→ REQUIREMENT
Each line below should be repeated exactly, but no picture should be carried over.
-------- COLLECTED MATERIAL
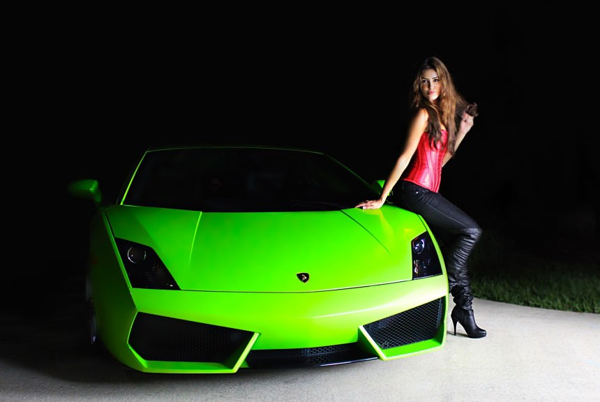 Девушка, в, красном, корсете, и, черных, штанах, возле, зеленого, Ламборджини, в, темноте, на, дороге
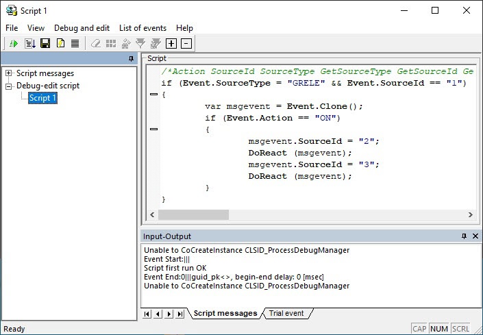 The debugging windows of the All script messages type are displayed in the Script messages list. The names of the debugging windows match the names of the corresponding Script objects. These windows display all system messages related to the corresponding script. The example of the debugging window of the All script messages type:
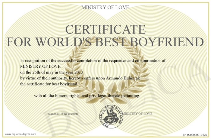 Certificate-degree can have your certificate for WORLD'S BEST BOYFRIEND
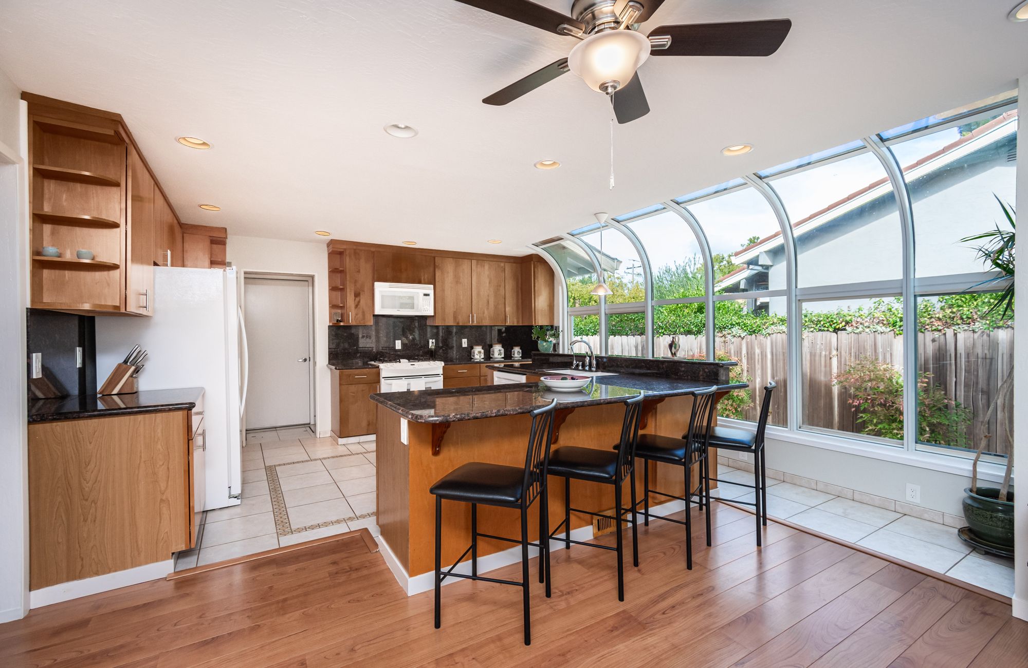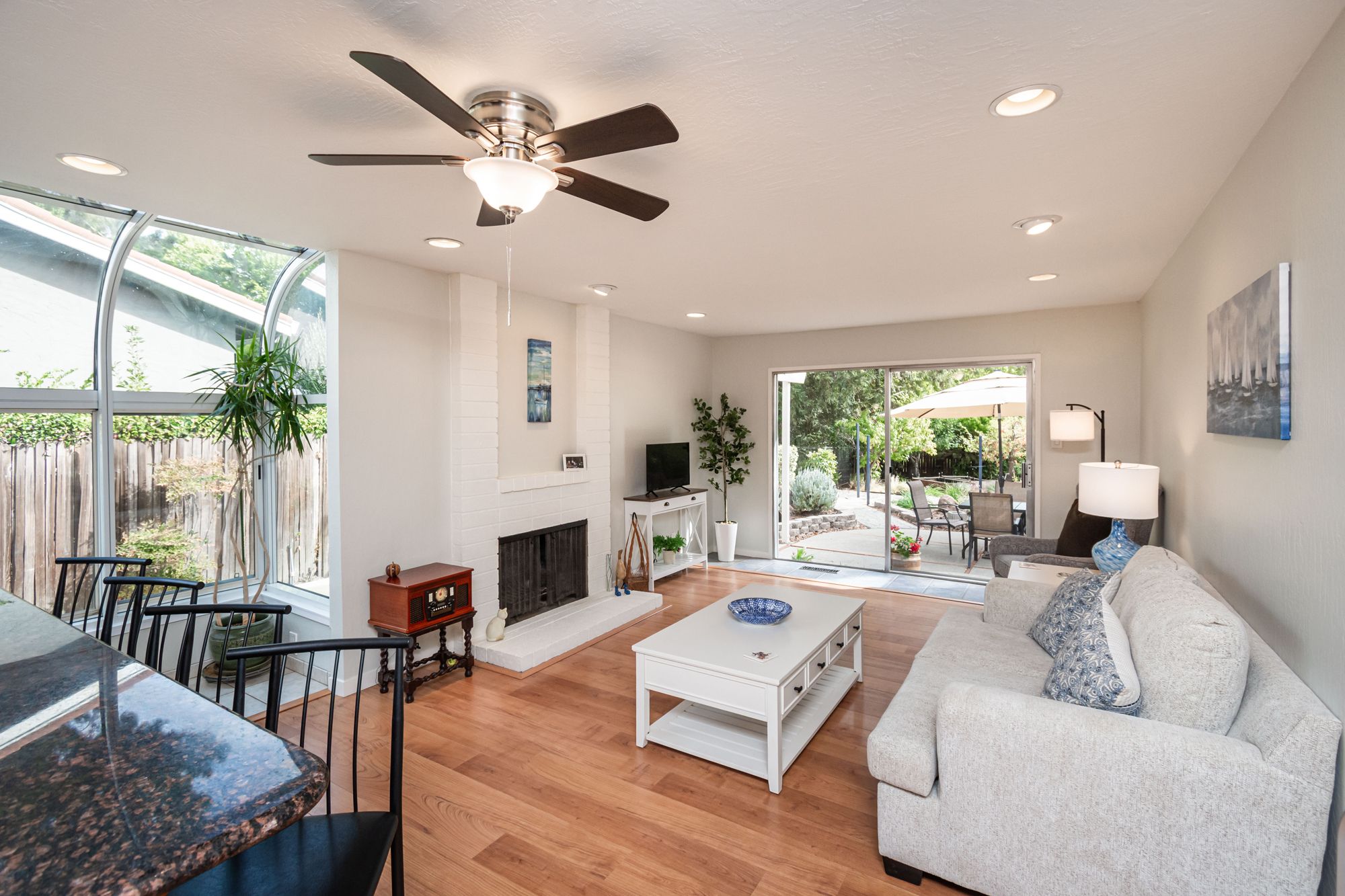 A private courtyard with a fountain is a warm place to welcome your friends and family. Inside you’ll find wood floors, formal living room with a cozy fireplace and large windows that fill the home with natural light. The tastefully updated bathrooms and open-concept kitchen with a huge sunroom picture window— seamlessly connected to the inviting family room — make everyday living and entertaining a joy.
----------------
→ ANSWER BOX
 Девушка, в, красном, корсете, и, черных, штанах, возле, зеленого, Ламборджини, в, темноте, на, дороге
 The debugging windows of the All script messages type are displayed in the Script messages list. The names of the debugging windows match the names of the corresponding Script objects. These windows display all system messages related to the corresponding script. The example of the debugging window of the All script messages type:
 Certificate-degree can have your certificate for WORLD'S BEST BOYFRIEND
 A private courtyard with a fountain is a warm place to welcome your friends and family. Inside you’ll find wood floors, formal living room with a cozy fireplace and large windows that fill the home with natural light. The tastefully updated bathrooms and open-concept kitchen with a huge sunroom picture window— seamlessly connected to the inviting family room — make everyday living and entertaining a joy.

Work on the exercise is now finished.